In spite of himself David made rapid calculations. “It’s twenty-six weeks,” he said. “We can’t handle that many premature babies.”
“I know that.” Walt sat down once more, and this time put his head back and closed his eyes. “We don’t have much choice,” he said. “We lost one yesterday. Three today. We have to bring them out and treat them like preemies.”
Slowly David nodded. “Which ones?” he asked, but he knew. Walt told him the names, and again he nodded. He had known that they were not his, not Walt’s, not Celia’s. “What are you planning?” he asked then, and sat down on the side of his bed.
“I have to sleep,” Walt said. “Then a meeting, posted for seven. After that we prepare the nursery for a hell of a lot of preemies. As soon as we’re ready we begin getting them out. That’ll be morning. We need nurses, half a dozen, more if we can get them. Sarah says Margaret would be good. I don’t know.”

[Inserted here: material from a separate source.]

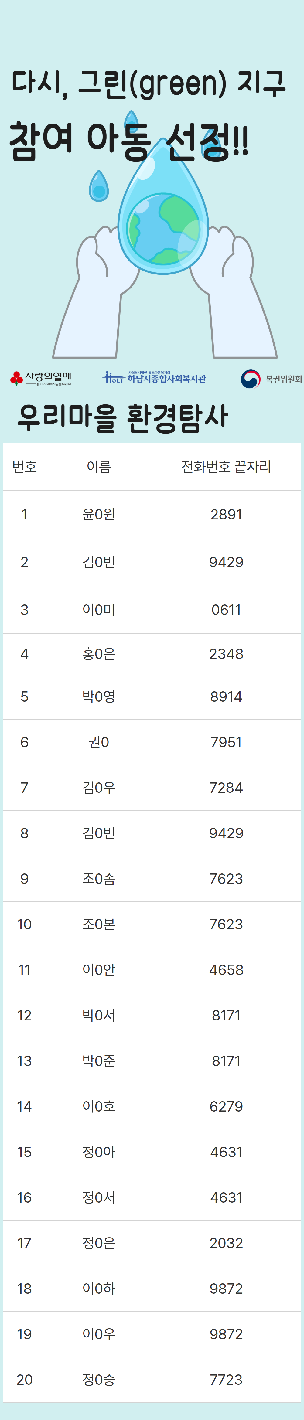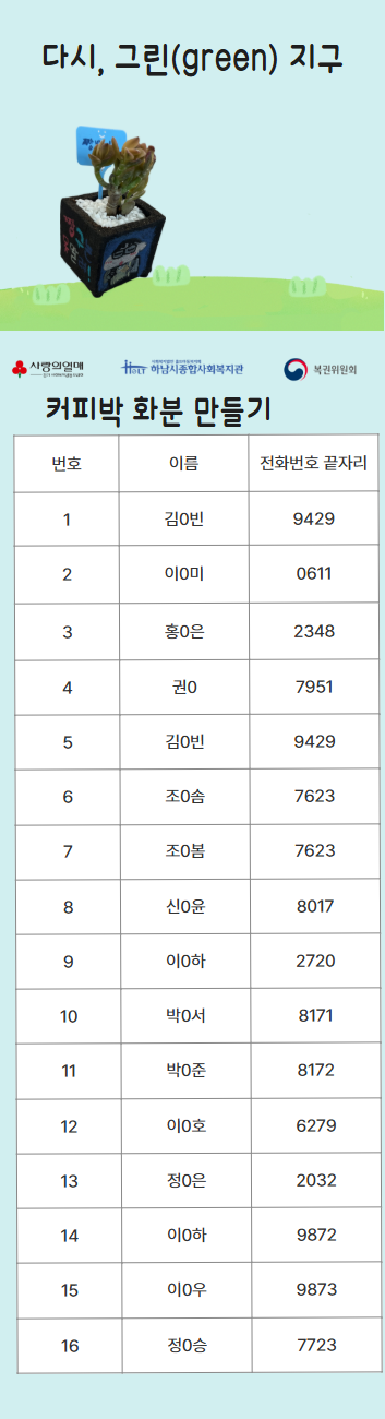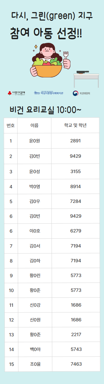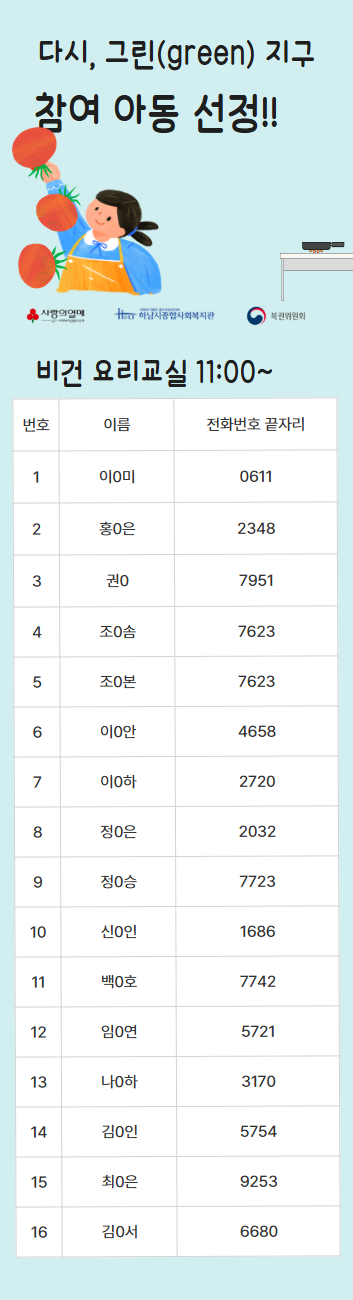 2025년 7월 행복나눔조리봉사단 활동 진행(하남먹거리 식사는 하셨어요? 2025-07-25 조회수 682 2025 초복삼계탕 지원(우양재단) 2025-07-25 조회수 329 2025 꿈디자이너 비전원정대 4회기 실시 2025-07-25 조회수 699 2025 꿈디자이너 비전원정대 3회기 실시 2025-07-25 조회수 876 다시, 그린(green) 지구 4단지 참여자 선정! 2025-07-23 조회수 765 2025년 초복 맞이 재가노인 식사배달 진행 2025-07-22 조회수 773 (느린학습자)일상생활적응행동척도검사 2025-07-17 조회수 907 2025년 폐현수막 새활용 프로젝트 <보따리 봉사단> 7월 활동 2025-07-17 조회수 778 오븐엔조이 파운터코리아반 7월 제과제빵 후원 2025-07-16 조회수 486

David didn’t know either. Margaret’s four-year-old son had been
one of the first to die of the plague, and she had lost a baby in stillbirth. He trusted Sarah’s judgment, however. “Think between them they can get enough others, tell them what to do, see that they do it properly?”
Walt mumbled something, and one of his hands fell off the chair arm. He jerked upright.
“Okay, Walt, you get in my bed,” David said, almost resentfully. “I’ll go down to the lab, get things rolling there. I’ll come up for you at six thirty.” Walt didn’t protest, but fell onto the bed without bothering to take off his shoes. David pulled them off. Walt’s socks were more holes than not, but probably they kept his ankles warm. David left them on, pulled the blanket over him, and went to the lab.
At seven the hospital cafeteria was crowded when Walt stood up to make his announcement. First he had Avery Handley run down his log of diminishing shortwave contacts, with the accompanying grim stories of plague, famine, disease, spontaneous abortions, stillbirths, and sterility. It was the same story worldwide. They listened apathetically; they could not care any longer what was happening to any part of the world that was not their small part. Avery finished and sat down once more.
Walt looked small, David thought in surprise. He had always thought of him as a fairly large man, but he wasn’t. He was only five feet nine, and now he was very thin and hard-looking, like a gamecock, trimmed of all excess with only the essentials needed to carry on the fight remaining. Walt studied the assembled people and deliberately said, “There’s not a person in this room hungry tonight. We don’t have any more plague here. The rain is washing away the radioactivity, and we have food stores that will carry us for years even if we can’t plant crops in the spring. We have men capable of doing just about anything we might ever want done.” He paused and looked at them again, from left to right, back again, taking his time. He had their absolute attention. “What we don’t have,” he said, his voice hard and flat now, “is a woman who can conceive a child, or a man who could impregnate her if she was able to bear.”